Did any of you have any idea on creating cluster connection in one bolt and use this connection in other bolt?

1
I dont know enought about apache storm to comment here but a quick look at the docs seems to show that you carry out discreet operations in "bolts". You might want to explain a bit more about this in your question for users of Cassandra and the drivers. It is correct you need to ideally keep the one session open. If you can share objects between each botl then could you not make your session object a public object shared across each "bolt"? - markc
@markc it's not really possible to share objects across bolts because bolts are distributed across physically separate machines. The best one can do here is maintain one cluster/session per bolt but that seems to contradict the best practices described in the link. I don't know enough about Cassandra to say if that's ok or not. - Ryan Walker
@RyanWalker right ok thanks for clearing that up. Makes sense. It would probably make sense to create a session per bolt then. A cassandra cluster can have many clients connected however the reason its advised to keep one session open is just to avoid setting up and tearing down the connections. As long as the bolt itself is persistent then the session object can be a child of that I would say. Once a connection is established the driver will provide a connection pool into the cluster. See: github.com/datastax/java-driver/tree/3.x/manual/pooling - markc

1 Answers

0
votes

It depends on how storm allocates the bolts and spouts to the workers. You can't assume that you can can share connections between bolts because they might be running in different workers (read: JVMs) or on different nodes entirely.

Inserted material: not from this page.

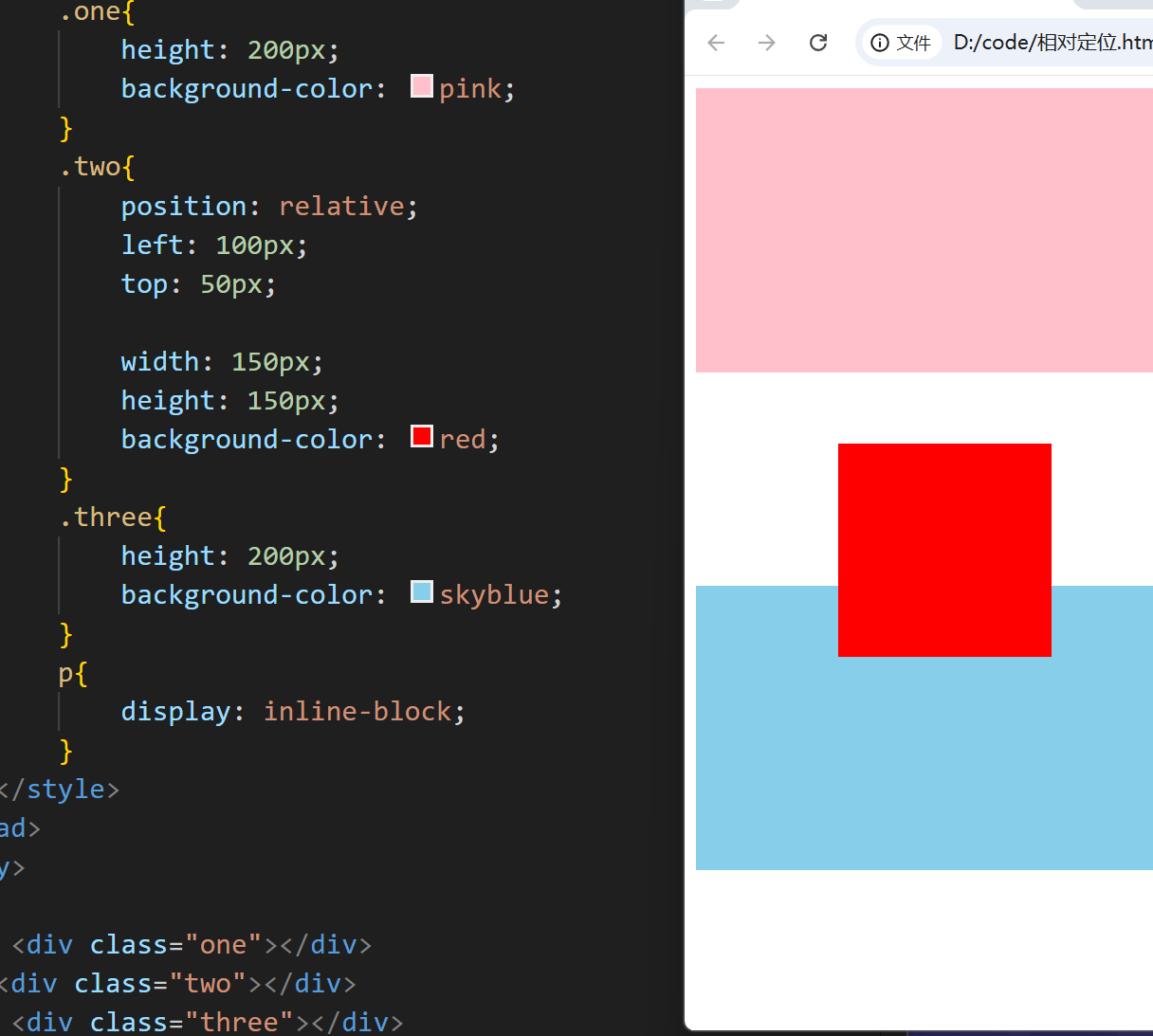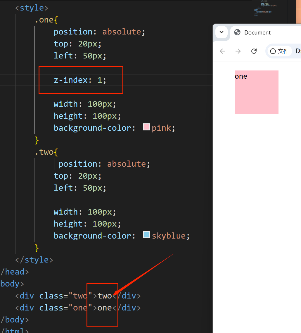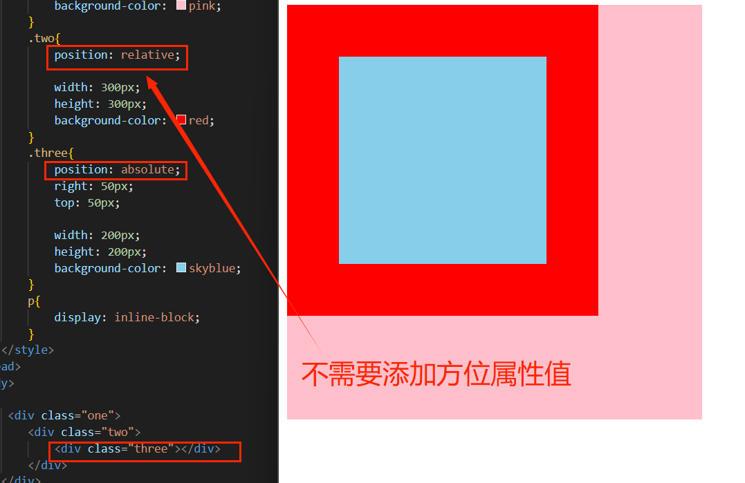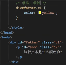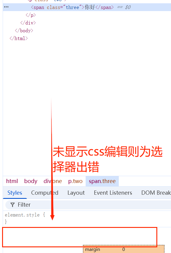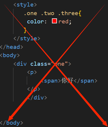 选择器中由三个类选择器组成,应分别对应三个嵌套关系中的每一个标签,但p和span并未设置对应选择器,所以最终文字并不会显示红色,若想显示1)补全类选择器;2)将选择器改为.one p span

See my answer here: Mongo connection pooling for Storm topology

Might look something like this pseudocode:

public class CassandraBolt extends BaseRichBolt {
    private static final long serialVersionUID = 1L;
    private static Logger LOG = LoggerFactory.getLogger(CassandraBolt.class);
   OutputCollector _collector;

   // whatever your cassandra session is
   // has to be transient because session is not serializable
   protected transient CassandraSession _session;

    @SuppressWarnings("rawtypes")
    @Override
    public void prepare(Map stormConf, TopologyContext context, OutputCollector collector) {
        _collector = collector;

      // maybe get properties from stormConf instead of hard coding them
        cassandraCluster = Cluster.builder().withoutJMXReporting().withoutMetrics()
            .addContactPoints(nodes)
            .withRetryPolicy(DowngradingConsistencyRetryPolicy.INSTANCE)
            .withReconnectionPolicy(new ExponentialReconnectionPolicy(100L,
                    TimeUnit.MINUTES.toMillis(5)))
            .withLoadBalancingPolicy(
                    new TokenAwarePolicy(new RoundRobinPolicy()))
            .build();

      _session = cassandraCluster.connect(keyspace);
    }

    @Override
    public void execute(Tuple input) {
        try {
            // use _session to talk to cassandra

        } catch (Exception e) {
            LOG.error("CassandraBolt error", e);
            _collector.reportError(e);
        }   
    }


    @Override
    public void declareOutputFields(OutputFieldsDeclarer declarer) {
        // TODO Auto-generated method stub
    }
}